Beginning with the line that holds "There are a" and ending with the last line, please repeat the entries exactly and omit the pictures.

****

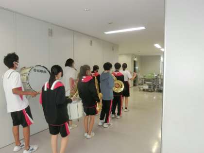 木曜日の昼休みの風景です。吹奏楽部が本番のパフォーマンスの練習をしていました。美しい音色が東校舎の3階まで響いてきました。本番が楽しみですね。
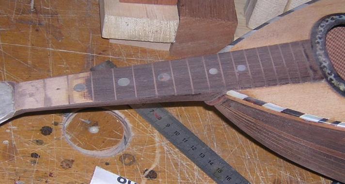 There are a variety of problems that require the removal or adaption of the fingerboard. The commonest cause is settlement of the neck join or warping of the top, that causes a dip around fret 10. This makes a low playing action impossible, and the instrument is practically unplayable. The ideal height of strings above the frets is 2mm or less at fret 12. This common problem can be remedied in several ways......
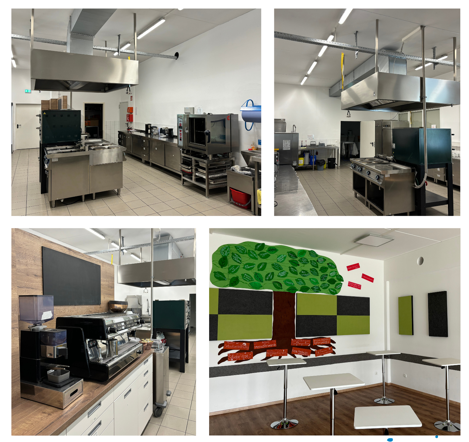 Das Bistro grenzt direkt an die Küche an und ist durch eine Durchreiche mit der Küche verbunden. Die Küche ist optional zubuchbar.
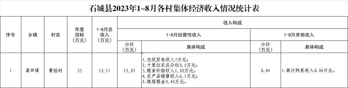 【集體統(tǒng)一經(jīng)營(yíng)的經(jīng)營(yíng)性資產(chǎn)】高田鎮(zhèn)黃柏村2023年1-8月集體經(jīng)濟(jì)收入情況統(tǒng)計(jì)表
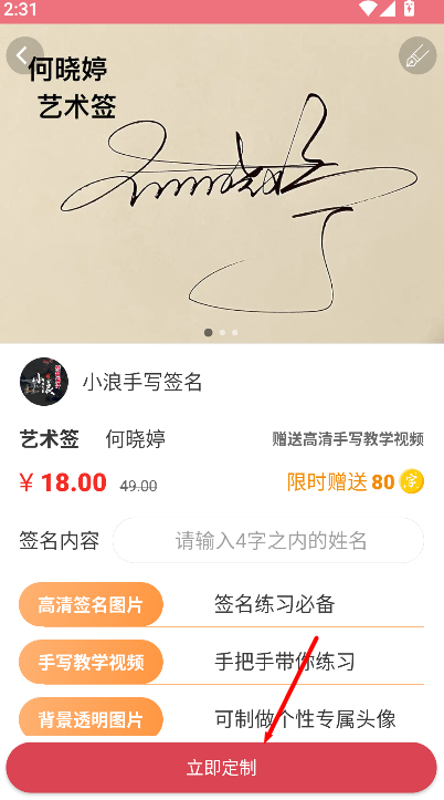 3、确认选择后点击“立即定制”,系统将自动生成专属签名样式,完成个性签名制作。

****

Solution to the exercise
 There are a variety of problems that require the removal or adaption of the fingerboard. The commonest cause is settlement of the neck join or warping of the top, that causes a dip around fret 10. This makes a low playing action impossible, and the instrument is practically unplayable. The ideal height of strings above the frets is 2mm or less at fret 12. This common problem can be remedied in several ways......
 Das Bistro grenzt direkt an die Küche an und ist durch eine Durchreiche mit der Küche verbunden. Die Küche ist optional zubuchbar.
 【集體統(tǒng)一經(jīng)營(yíng)的經(jīng)營(yíng)性資產(chǎn)】高田鎮(zhèn)黃柏村2023年1-8月集體經(jīng)濟(jì)收入情況統(tǒng)計(jì)表
 3、确认选择后点击“立即定制”,系统将自动生成专属签名样式,完成个性签名制作。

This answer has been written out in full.